*Your goal*
Restate word for word the material below, starting at the line that contains "Druga crkva pokazuje" and stopping after the last line; skip pictures.

Top of Records for the exercise

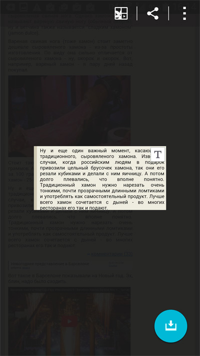 Второй пункт меню - смартвыбор, то есть выбор произвольной прямоугольной части экрана, причем скриншот можно просто сохранить как картинку в соответствующий альбом, а можно распознать в нем текст.
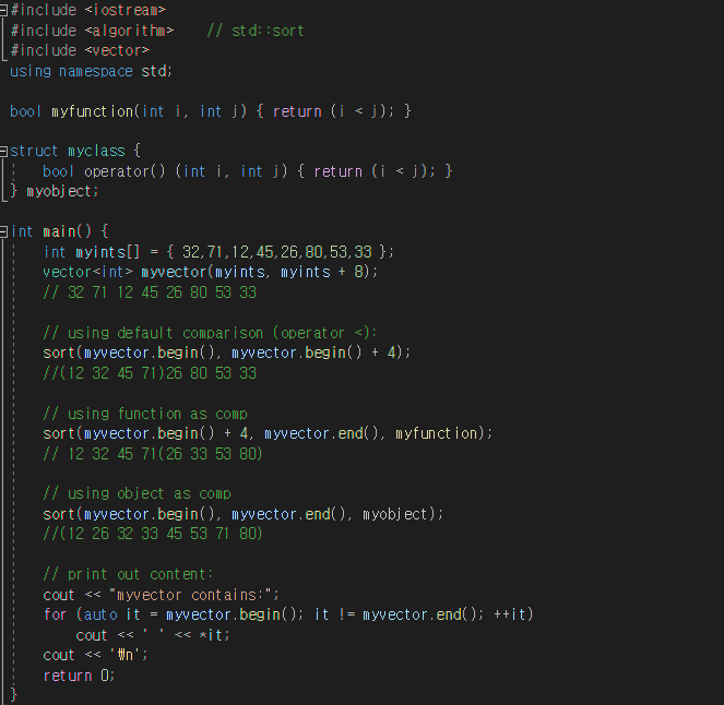 custom (2)template void sort (RandomAccessIterator first, RandomAccessIterator last, Compare comp);
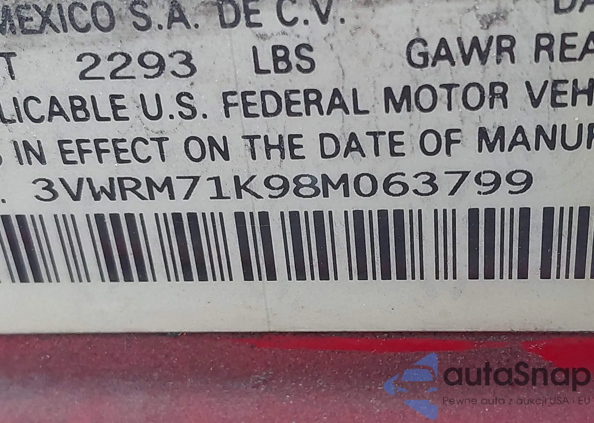 • VIN 3VWRM71K98M063799
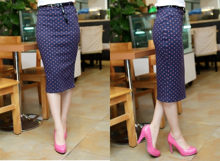 Բարձր գոտկային հատվածով, վերևից ուղիղ իջնող, գոտկային հատվածում բարակ գոտիով, գեղեցիկ և հասարակ, դասական կիսաշրջազգեստ:
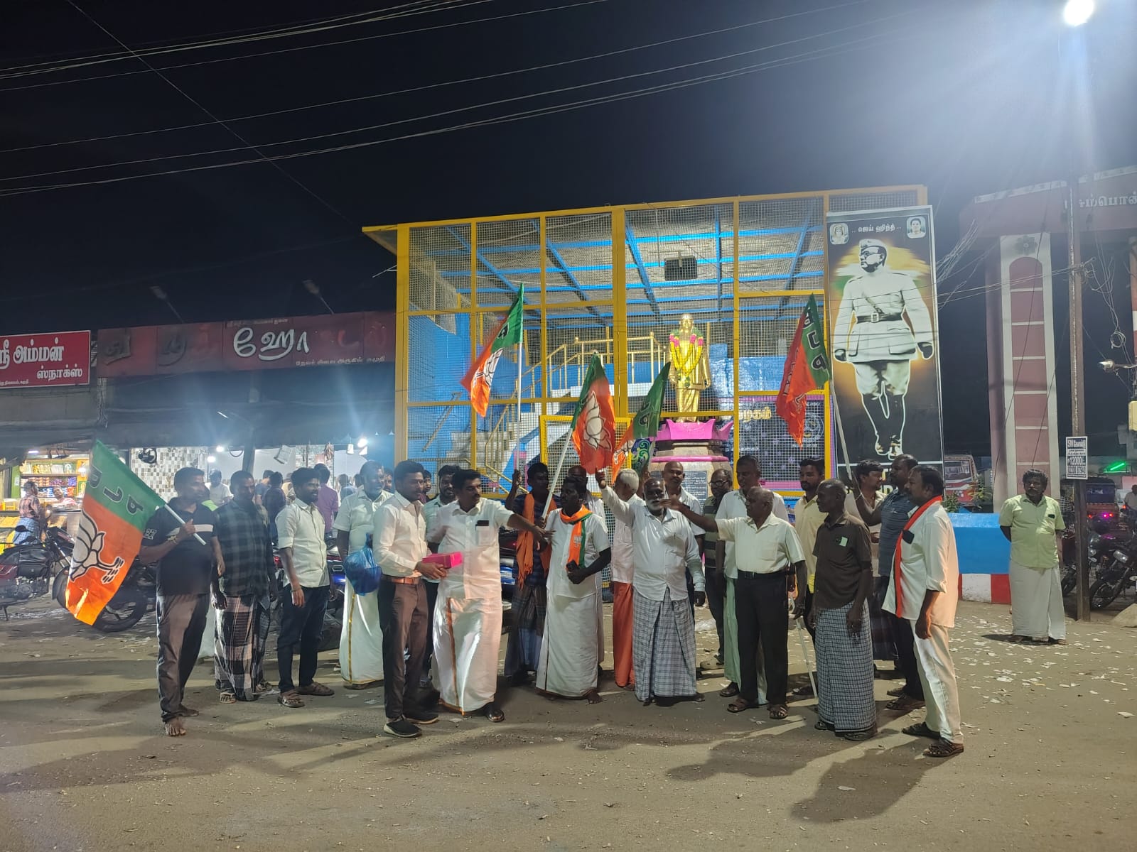 கமுதியில் பாஜக வெற்றிகொண்டாட்டம் பீஹார் மாநிலத்தில் தேசிய ஜனநாயக கூட்டணி மாபெரும் வெற்றி பெற்றுள்ளதை தொடர்ந்து பாரத பிரதமர் நரேந்திர மோடி தேசிய ஜனநாயக கூட்டணி கட்சிக்கு வாக்களித்து வெற்றி அடைய செய்துள்ளனர் அந்த வெற்றியை கொண்டாடும் வகையில் தமிழகத்தில் ராமநாதபுரம் மாவட்டத்தில் கமுதி தெற்கு ஒன்றியம் பாஜக சார்பாக பட்டாசு வெடித்து பொது மக்களுக்கு இனிப்புகள் வழங்கி கொண்டாடினார்கள்
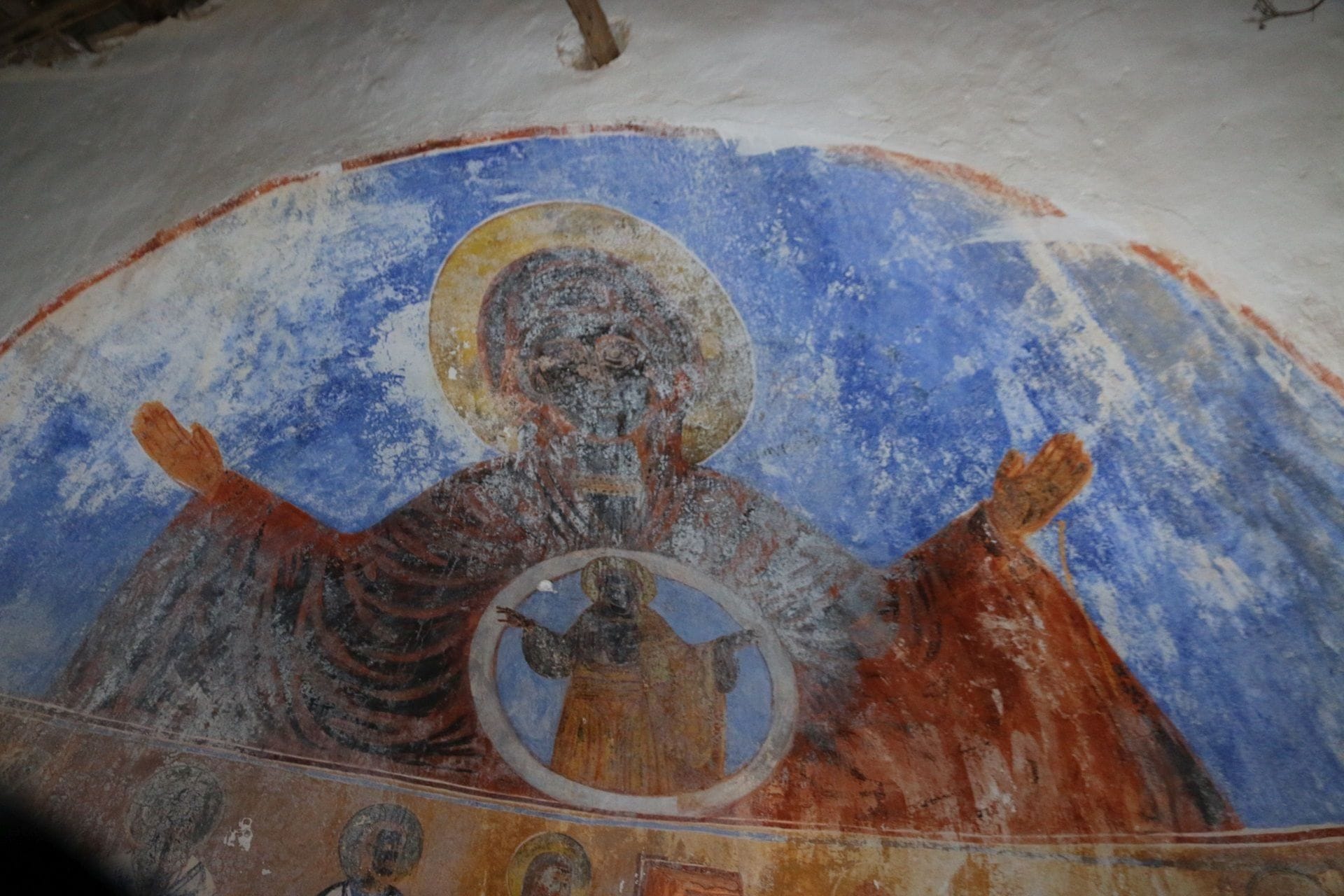 Druga crkva pokazuje oštećenu fresku Svete Bogorodice, koja se jedva razaznaje.
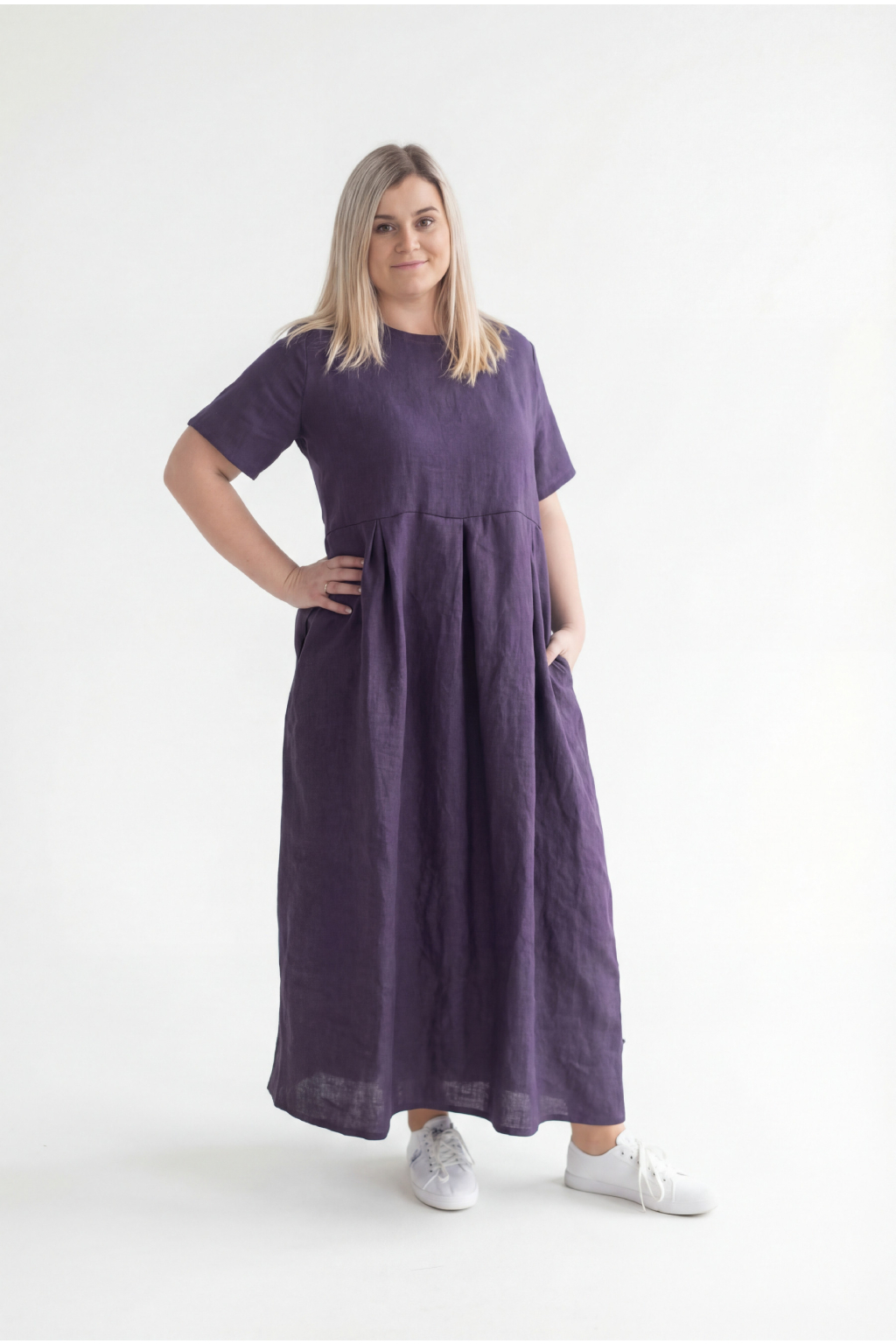 Šaty, které se nám velice povedly – a zákaznice je milují. Vyrobené ze 100% lnu, s decentními sklady a délkou ke kotníkům – tohle je kousek, který vypadá skvěle na každé postavě a nosí se celoročně.

Bottom of Records for the exercise

*Exercise answer*
 Druga crkva pokazuje oštećenu fresku Svete Bogorodice, koja se jedva razaznaje.
 Šaty, které se nám velice povedly – a zákaznice je milují. Vyrobené ze 100% lnu, s decentními sklady a délkou ke kotníkům – tohle je kousek, který vypadá skvěle na každé postavě a nosí se celoročně.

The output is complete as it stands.